Шубников более не улыбался. Глаза его стали злыми.
–?Вы всегда врали, Валентин Федорович, – сказал Шубников, – иногда и веселили кого-то. Но сейчас я не советую вам оставаться посмешищем далее. Клоунов хватает и без вас.
–?Я не клоун, – гордо произнес дядя Валя. – Я Останкино желаю уберечь. Я всем говорю: одумайтесь и не соблазняйтесь! Вы не караванщики в пустыне, развейте миражи! Пусть истекут они из Останкина вонючим дымом! Здесь в вас поднимут пену мутную, и ею вы отравитесь! В вас оживут тени, о которых вы и знать не знали, и растерзают вас. Здесь в вас возбудят жадность, какую не насытишь, и камни будете грызть железными зубами. Здесь у вас душу не купят, а вывернут наизнанку, и тошно станет от самих себя. Я прошу вас: не соблазняйтесь доступностью недоступного! Я предупреждаю вас!..

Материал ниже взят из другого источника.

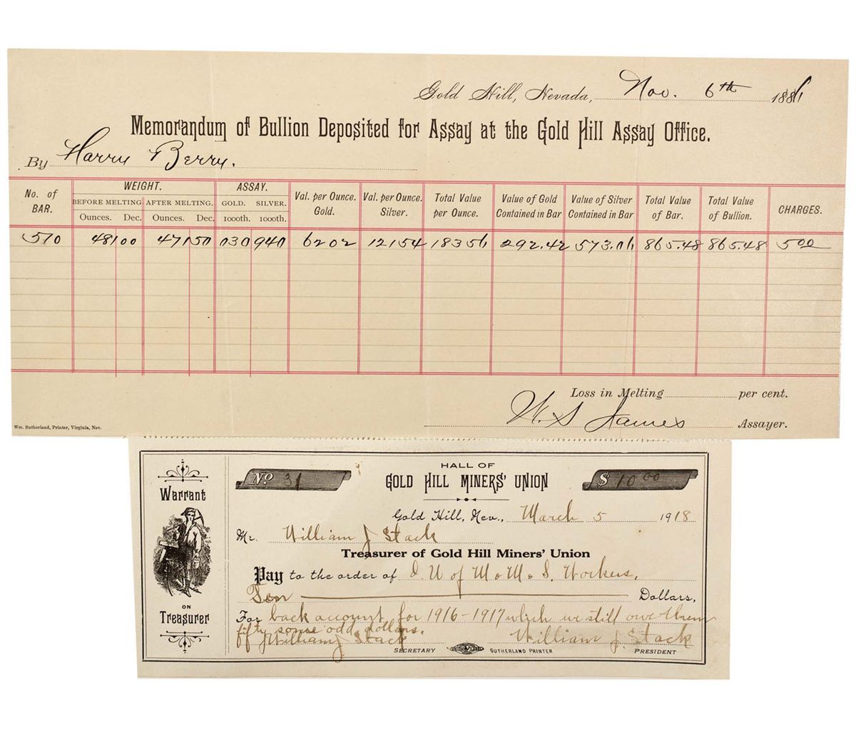 Lot of 2. 1). Memorandum of Bullion Deposit Assay from the Gold Hill Assay Office (1881) by Harry Berry. Signed by W.S. James. Total value of bullion: $865.48 ($292.42 in gold, and $573.06 in silver.) Three folds. 2). Gold Hill Miners' Union Warrant on Treasurer issued March 5, 1918 to I.U. of M.M.S Workers for $10. Handwritten at bottom: "For back account for 1916-1917 which we still owe them fifty some odd dollars." Signed by William J. Stack, president.

–?Хватит! – перебил дядю Валю Шубников. – Вы не клоун. Вы смешнее. Не приставить ли к вам учеников? Они будут записывать на телячьей коже ваши пророчества. А имея в виду ваши заслуги в сражениях, мы можем придать вашим ученикам бесплатно чтеца и барабанщика.
–?Не трогай мои заслуги и сражения! – разгневался дядя Валя. – Ты-то кто есть? Ты-то и мог лишь воровать собак для поделки шапок. Верни мне рубль сорок! И тогда мы посмотрим, какой из тебя выйдет властелин мира!
Последние слова Валентина Федоровича, похоже, крайне задели Шубникова. Я видел: он с трудом удерживал себя от поступка. А поступок мог быть один: напустить на оратора хладноглазых молодых людей.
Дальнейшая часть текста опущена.